To do:
Restate, exactly as written, the entries below from the line that holds "Chúc mừng hai" through the line that holds "This 45-acre property". Pictures are not part of the copy.

Recorded information:
------

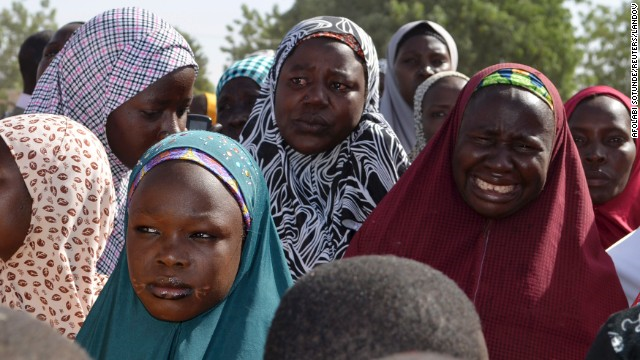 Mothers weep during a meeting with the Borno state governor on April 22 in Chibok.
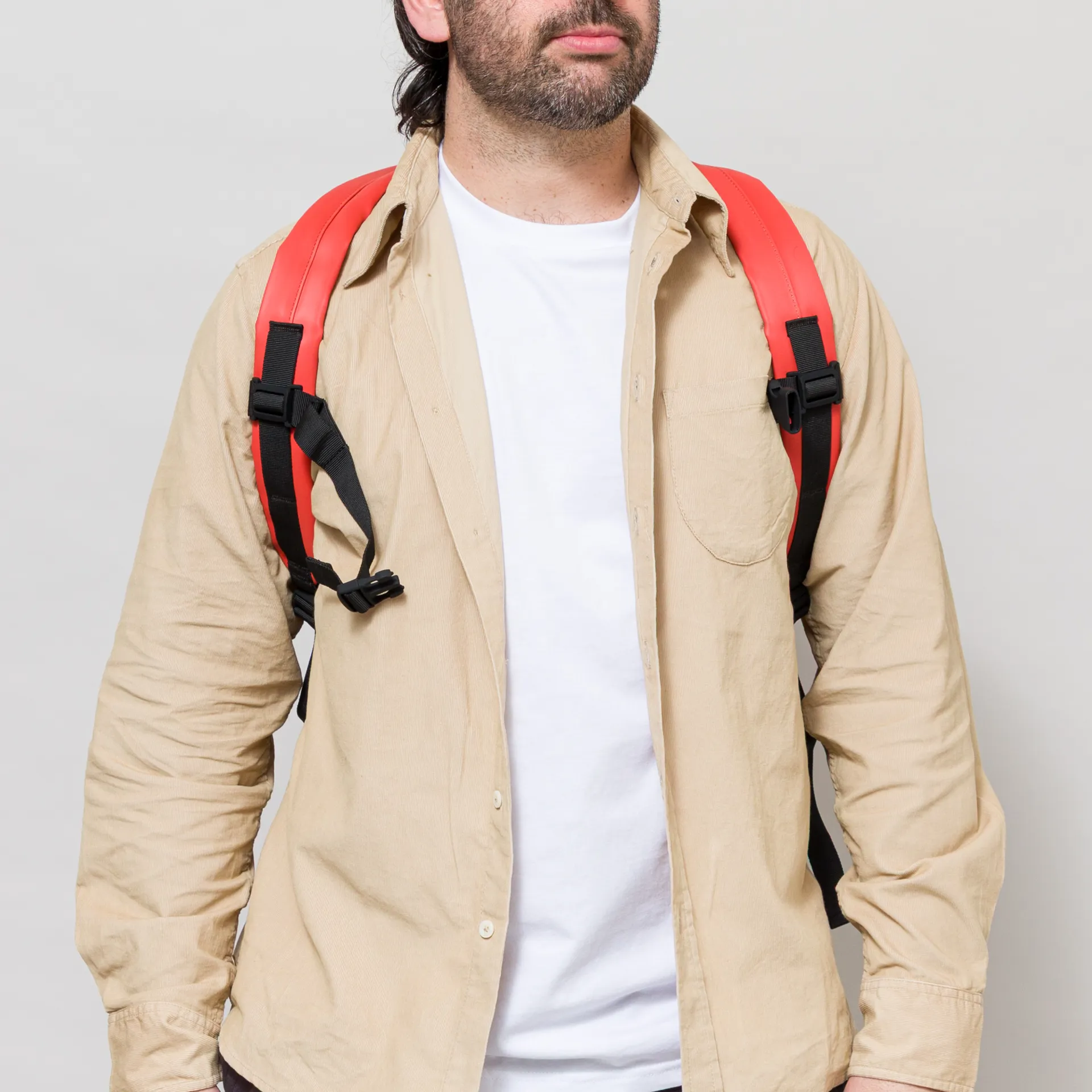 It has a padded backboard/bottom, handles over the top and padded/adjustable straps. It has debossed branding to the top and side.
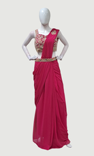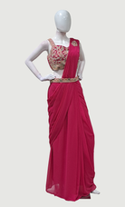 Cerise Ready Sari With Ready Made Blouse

------

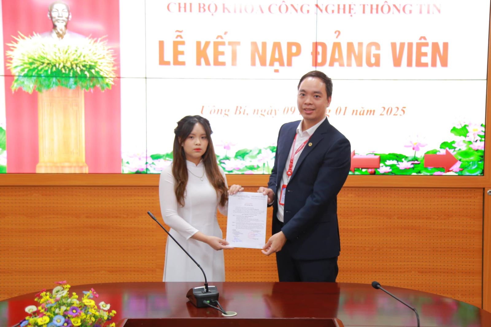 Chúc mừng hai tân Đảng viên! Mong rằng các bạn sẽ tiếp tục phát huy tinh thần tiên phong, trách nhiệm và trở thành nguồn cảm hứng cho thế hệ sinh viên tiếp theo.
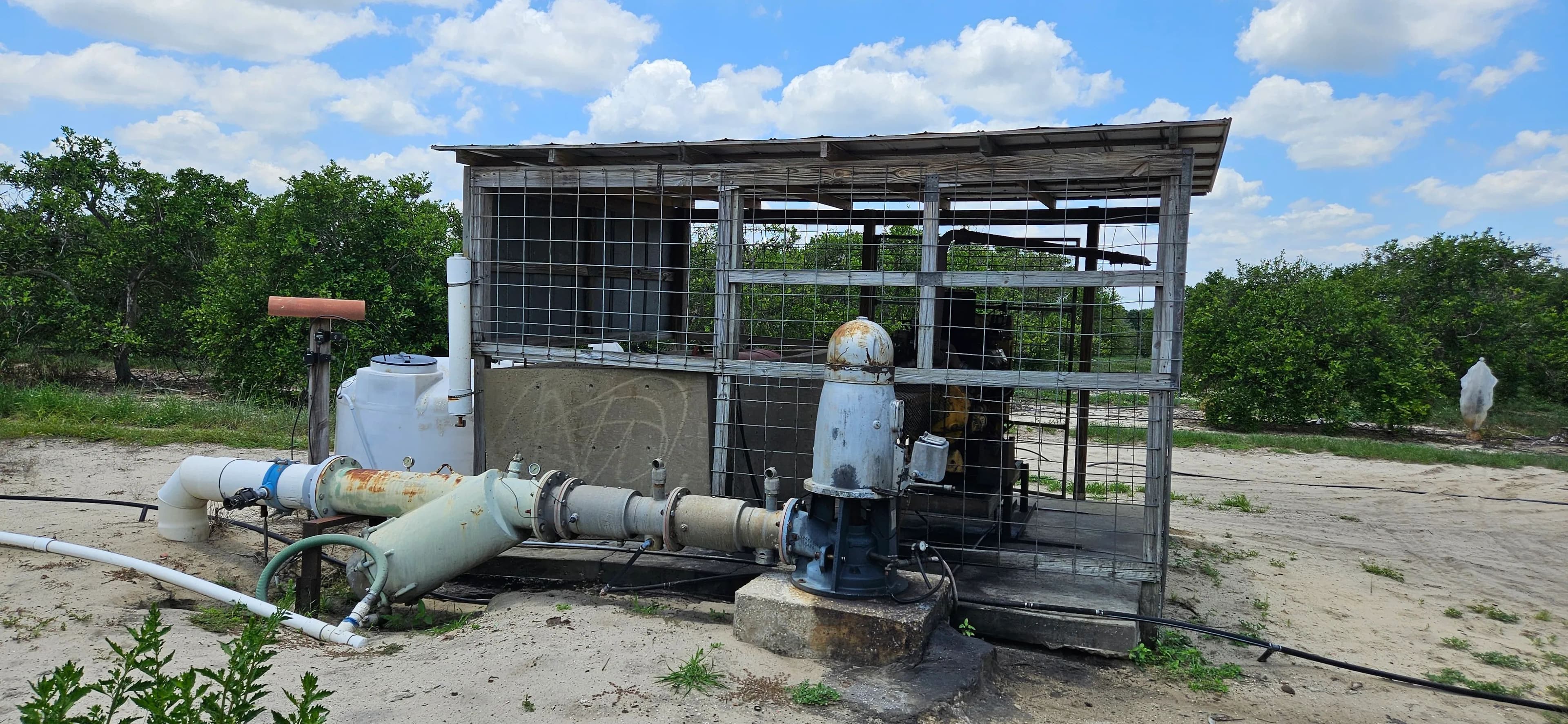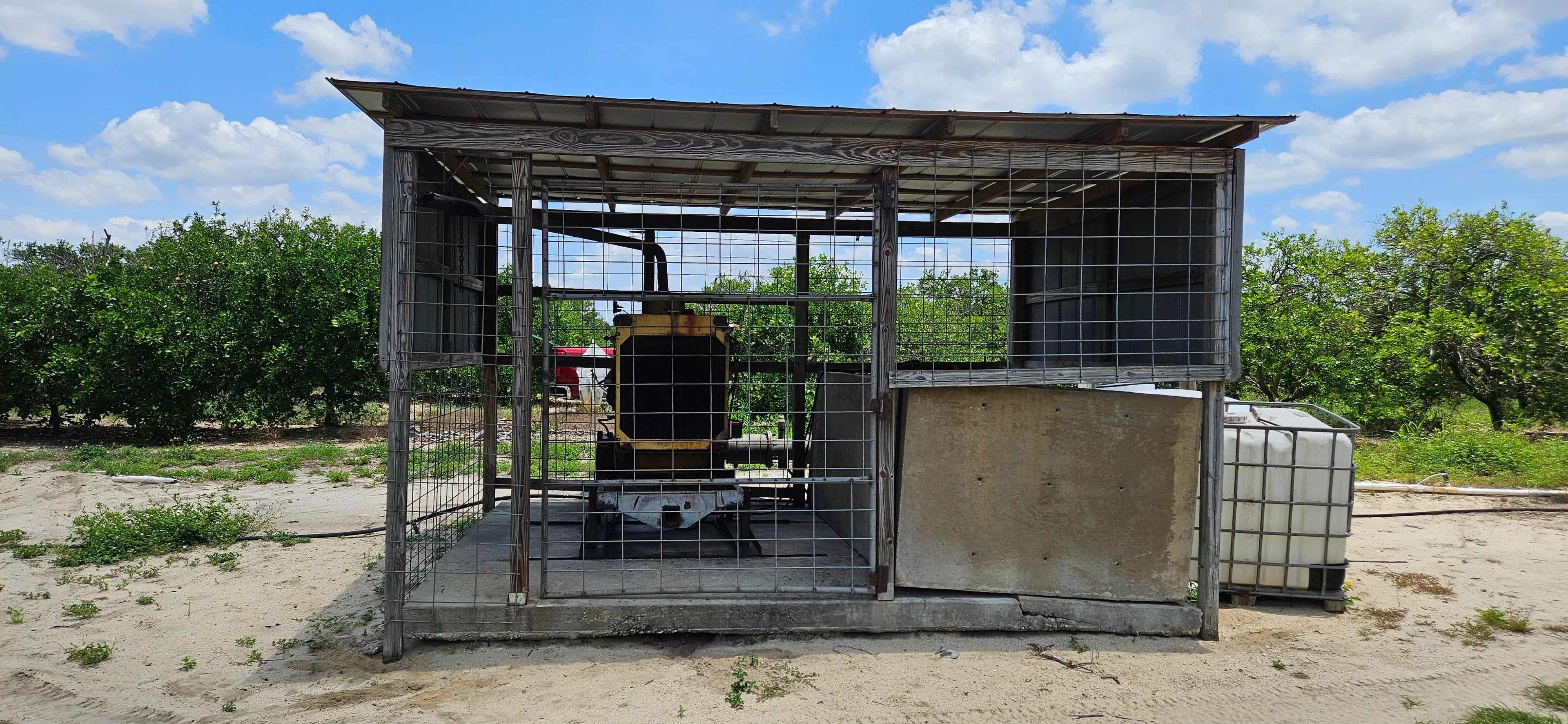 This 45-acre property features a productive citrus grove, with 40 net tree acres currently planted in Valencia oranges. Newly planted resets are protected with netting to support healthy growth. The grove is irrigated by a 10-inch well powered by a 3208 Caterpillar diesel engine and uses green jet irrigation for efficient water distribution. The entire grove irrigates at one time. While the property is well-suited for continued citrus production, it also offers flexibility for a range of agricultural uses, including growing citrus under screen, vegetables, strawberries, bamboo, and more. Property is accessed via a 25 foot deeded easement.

------

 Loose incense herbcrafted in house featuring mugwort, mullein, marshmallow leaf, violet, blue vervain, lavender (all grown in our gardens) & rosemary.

------

Solution to this exercise:
 Chúc mừng hai tân Đảng viên! Mong rằng các bạn sẽ tiếp tục phát huy tinh thần tiên phong, trách nhiệm và trở thành nguồn cảm hứng cho thế hệ sinh viên tiếp theo.
 This 45-acre property features a productive citrus grove, with 40 net tree acres currently planted in Valencia oranges. Newly planted resets are protected with netting to support healthy growth. The grove is irrigated by a 10-inch well powered by a 3208 Caterpillar diesel engine and uses green jet irrigation for efficient water distribution. The entire grove irrigates at one time. While the property is well-suited for continued citrus production, it also offers flexibility for a range of agricultural uses, including growing citrus under screen, vegetables, strawberries, bamboo, and more. Property is accessed via a 25 foot deeded easement.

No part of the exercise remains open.